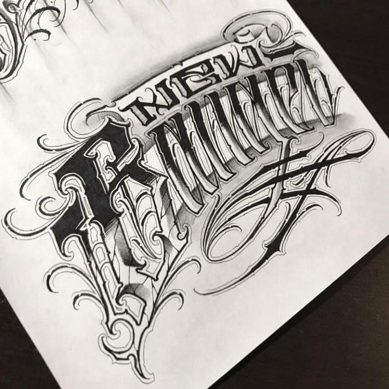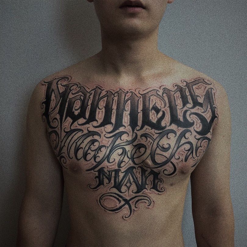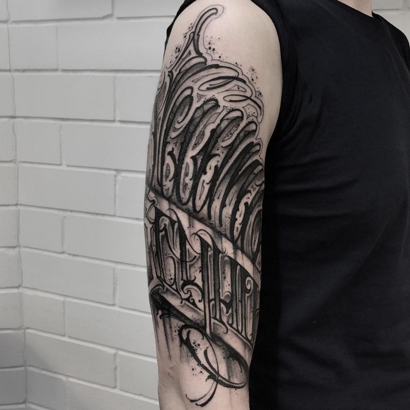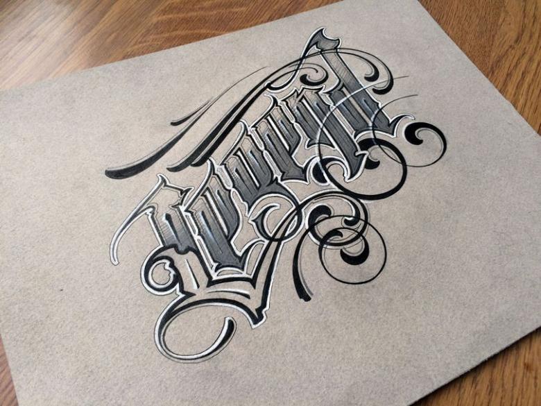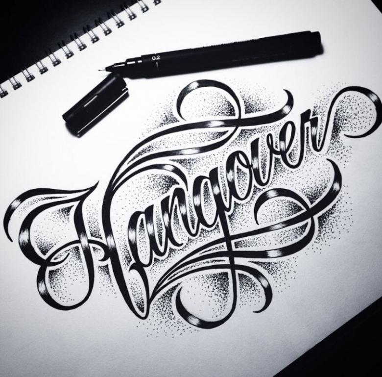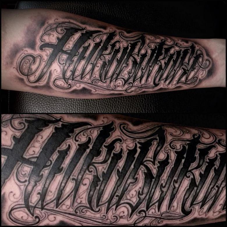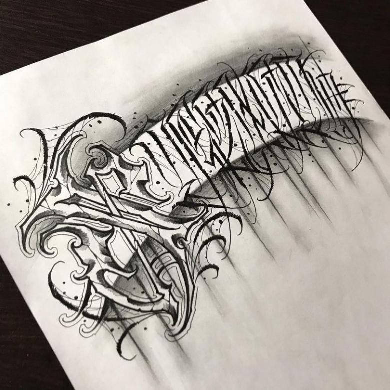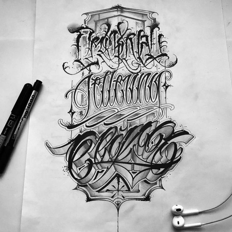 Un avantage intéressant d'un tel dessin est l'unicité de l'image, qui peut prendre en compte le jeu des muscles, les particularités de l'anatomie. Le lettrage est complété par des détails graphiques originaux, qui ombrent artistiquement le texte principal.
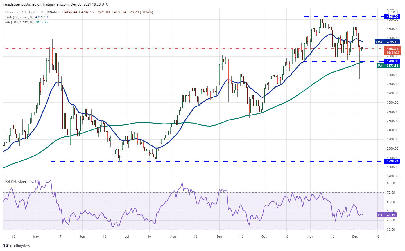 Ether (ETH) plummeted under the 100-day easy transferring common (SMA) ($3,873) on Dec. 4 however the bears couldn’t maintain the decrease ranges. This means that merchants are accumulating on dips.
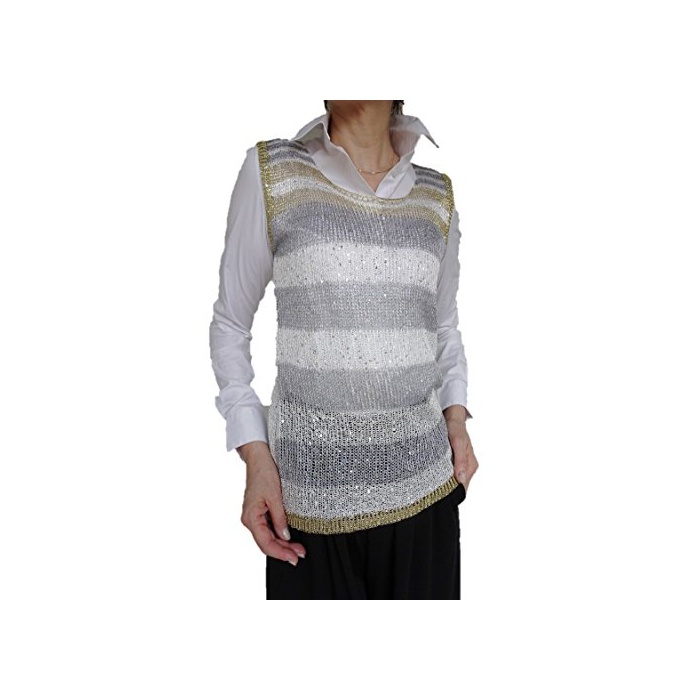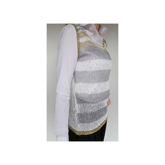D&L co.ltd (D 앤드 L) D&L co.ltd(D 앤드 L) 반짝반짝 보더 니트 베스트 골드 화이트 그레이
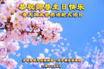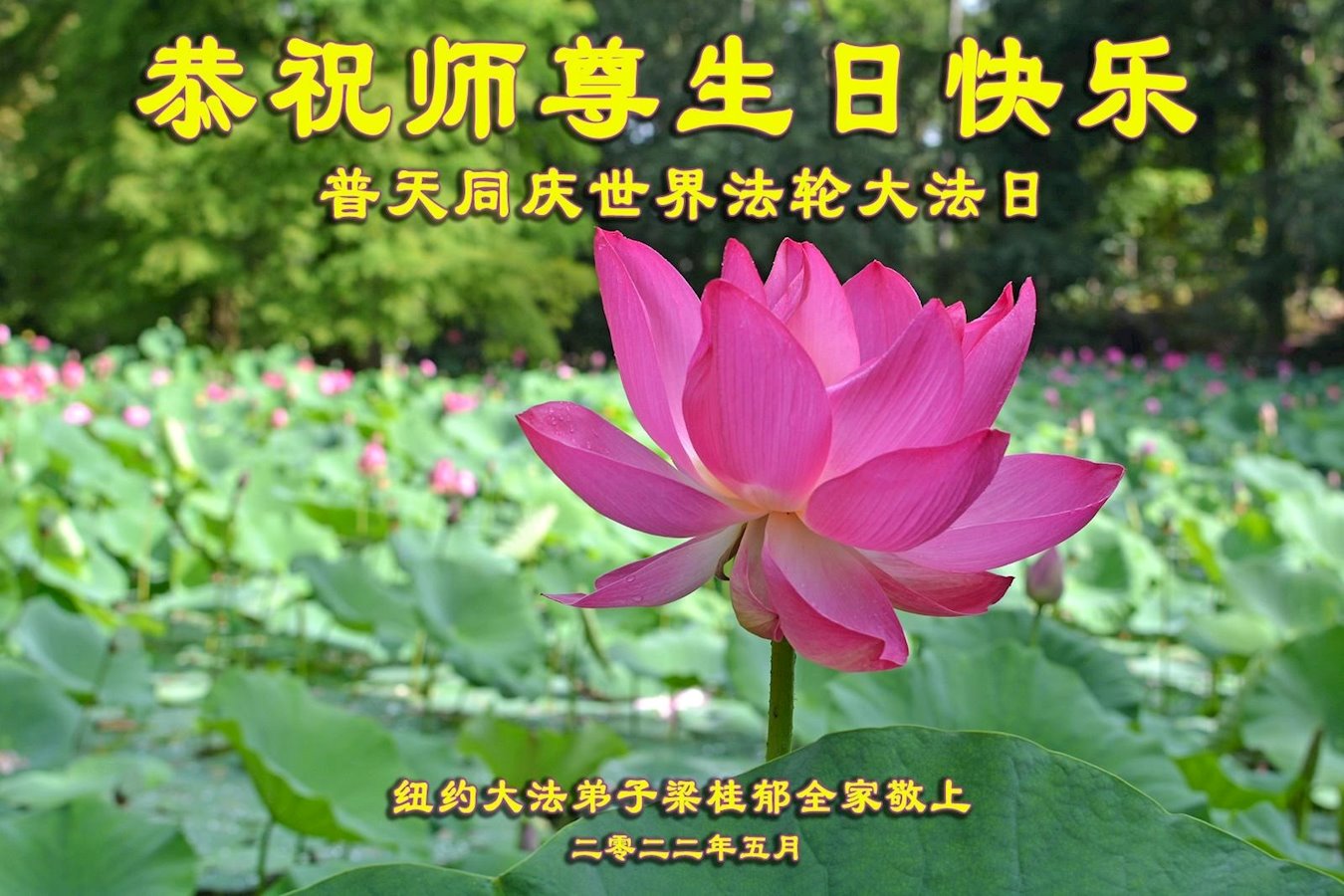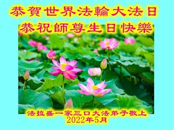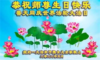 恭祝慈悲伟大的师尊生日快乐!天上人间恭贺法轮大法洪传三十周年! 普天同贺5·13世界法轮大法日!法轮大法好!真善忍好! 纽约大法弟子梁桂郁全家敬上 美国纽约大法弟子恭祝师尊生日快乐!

==========

### Task item:
Reproduce, unchanged, each line between the one with "Ether (ETH) plummeted" and the last line of the material, both included; the pictures do not go in.

### Result of this exercise:
 Ether (ETH) plummeted under the 100-day easy transferring common (SMA) ($3,873) on Dec. 4 however the bears couldn’t maintain the decrease ranges. This means that merchants are accumulating on dips.
D&L co.ltd (D 앤드 L) D&L co.ltd(D 앤드 L) 반짝반짝 보더 니트 베스트 골드 화이트 그레이
 恭祝慈悲伟大的师尊生日快乐!天上人间恭贺法轮大法洪传三十周年! 普天同贺5·13世界法轮大法日!法轮大法好!真善忍好! 纽约大法弟子梁桂郁全家敬上 美国纽约大法弟子恭祝师尊生日快乐!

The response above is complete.